Playing How Drivers Are Ending Up on One of America’s Most Dangerous Streets

Navigational apps are creating a wild ride for Los Angeles motorists, leading them to a treacherous road that appears to come out of nowhere, with disastrous results.

Apps like Waze are directing drivers to Baxter Street, which is regarded as one of the steepest roads in America.

The route is meant to help people avoid traffic, but with a 32 percent grade incline, stunned drivers are losing control of their cars, landing upside down, and crashing onto front lawns and curbs. Truck and limo drivers are getting wedged on the street's crest.

The street is popular with daredevils who can often be seen on the street while performing tricks on their skateboards.

Inside Edition's Jim Moret couldn't believe what he was seeing when the Waze app sent him straight to Baxter Street.

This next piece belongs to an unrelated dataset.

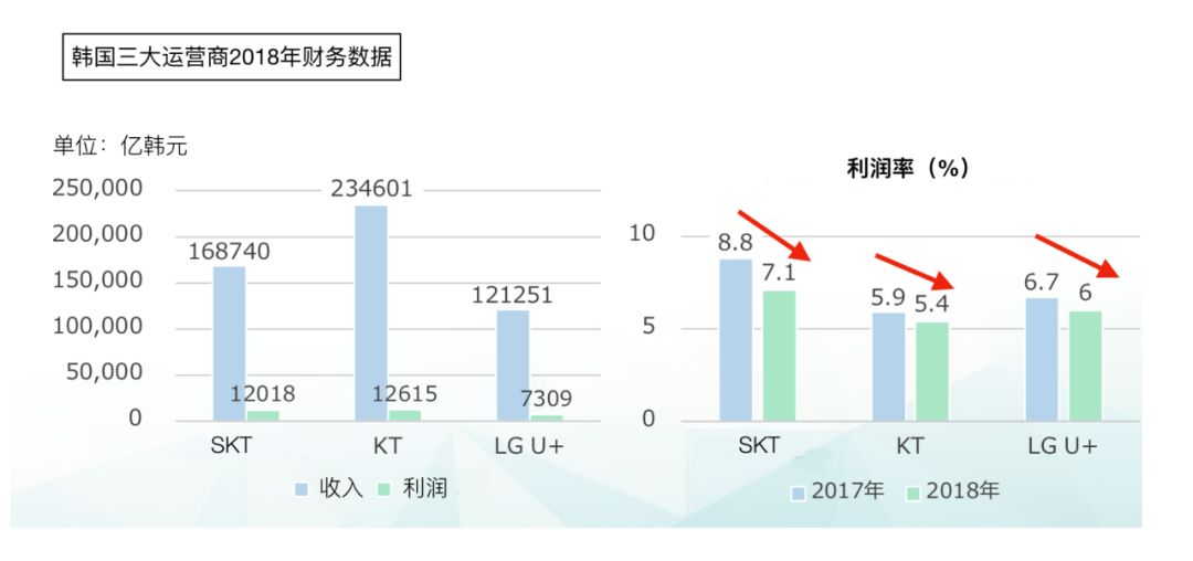 $ q( i7 Y) o8 k1 a8 l在韩国政府降费政策牵引下,在激烈的市场竞争环境以及市场趋于饱和的现状之下,在5G商用之前,韩国三大运营商的利润率在5.4%-9%之间,低于中国移动,更是远远低于日本运营商。: z. ~# }) [( {3 U2 o

“As I approach, I can't see what lies ahead," he said. "I'm driving blind, and then boom! I'm on what feels like a roller coaster. That street is steep!” 

Jeff Hartman says living on the street is becoming a nightmare.

“Every once in a while, I hear a big bang and then I come out and look and I’m like, 'Oh, someone hit somebody,’” he told Inside Edition. 

Neighbor Haya Morgenstern says she once got hit by an out-of-control driver.

“She thought she could brake safely, but apparently the car started sliding back so she ended up jumping out the car and the car came crashing down the street, hit my car and ended up flipped over," she claimed. 

In a statement to Inside Edition, Waze said:

"Waze is actually the best place to check for conditions you may consider hazardous; we have always made it possible to share information with other users via official reports for hazards like flooding, and general map comments for unusual concerns like gradient.

"Our maps are known for their accuracy in reflecting reality of road conditions, either defined by local law or by temporary condition such as a pothole or flooding. Thus while a driver may question the gradient of a hill, the city has placed a public road there, which means it should be considered usable within Waze to permit residents to navigate home, to assist in emergency response and more. 

“We are only as strong as the information we receive from our community and we greatly value their short term input via reporting as well as long term input as we develop new product features and refine our maps. This can be done within the app throughout the navigation process."